Dataset excerpt ▸

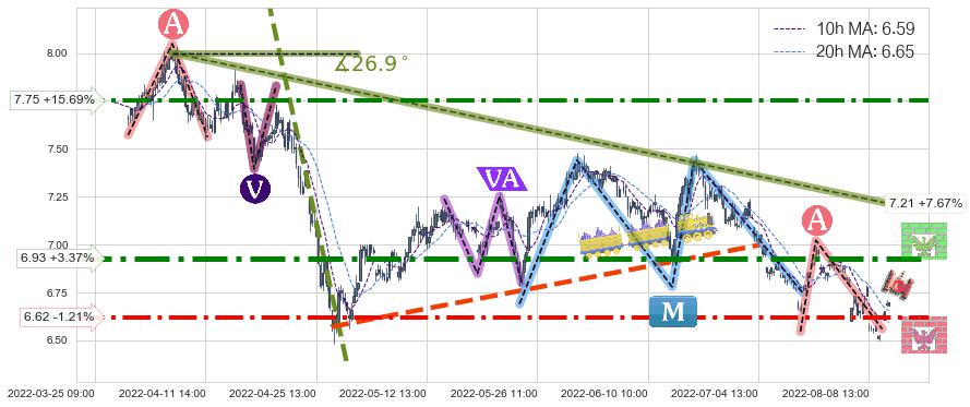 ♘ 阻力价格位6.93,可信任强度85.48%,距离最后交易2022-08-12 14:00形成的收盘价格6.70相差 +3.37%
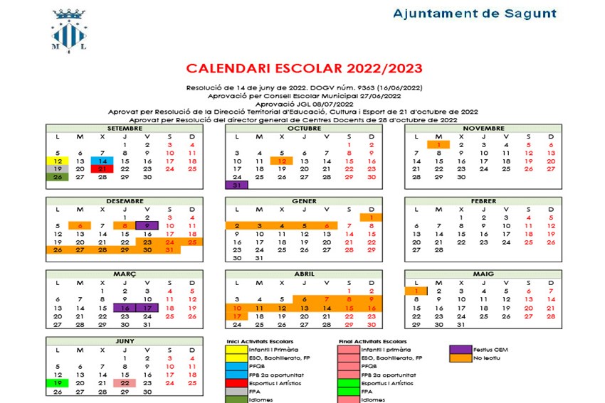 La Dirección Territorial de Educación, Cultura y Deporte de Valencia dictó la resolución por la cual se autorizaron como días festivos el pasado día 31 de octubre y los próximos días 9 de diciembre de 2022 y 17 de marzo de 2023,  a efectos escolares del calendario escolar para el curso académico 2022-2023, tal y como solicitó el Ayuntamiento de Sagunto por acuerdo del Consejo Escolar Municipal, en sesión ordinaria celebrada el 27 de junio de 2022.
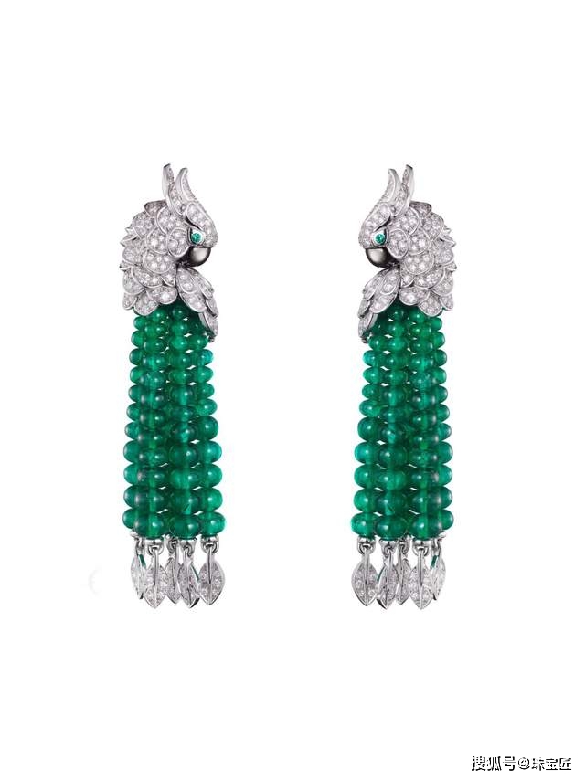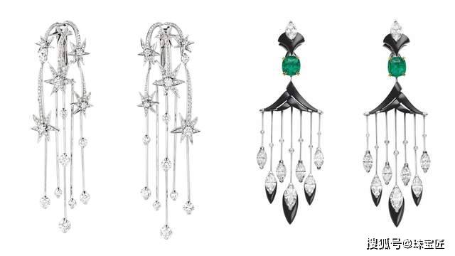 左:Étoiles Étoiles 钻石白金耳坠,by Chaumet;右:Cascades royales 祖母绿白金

Directions for this task ▸ Produce a verbatim transcription of every line in the listing, images omitted.

Task response ▸
 ♘ 阻力价格位6.93,可信任强度85.48%,距离最后交易2022-08-12 14:00形成的收盘价格6.70相差 +3.37%
 La Dirección Territorial de Educación, Cultura y Deporte de Valencia dictó la resolución por la cual se autorizaron como días festivos el pasado día 31 de octubre y los próximos días 9 de diciembre de 2022 y 17 de marzo de 2023,  a efectos escolares del calendario escolar para el curso académico 2022-2023, tal y como solicitó el Ayuntamiento de Sagunto por acuerdo del Consejo Escolar Municipal, en sesión ordinaria celebrada el 27 de junio de 2022.
 左:Étoiles Étoiles 钻石白金耳坠,by Chaumet;右:Cascades royales 祖母绿白金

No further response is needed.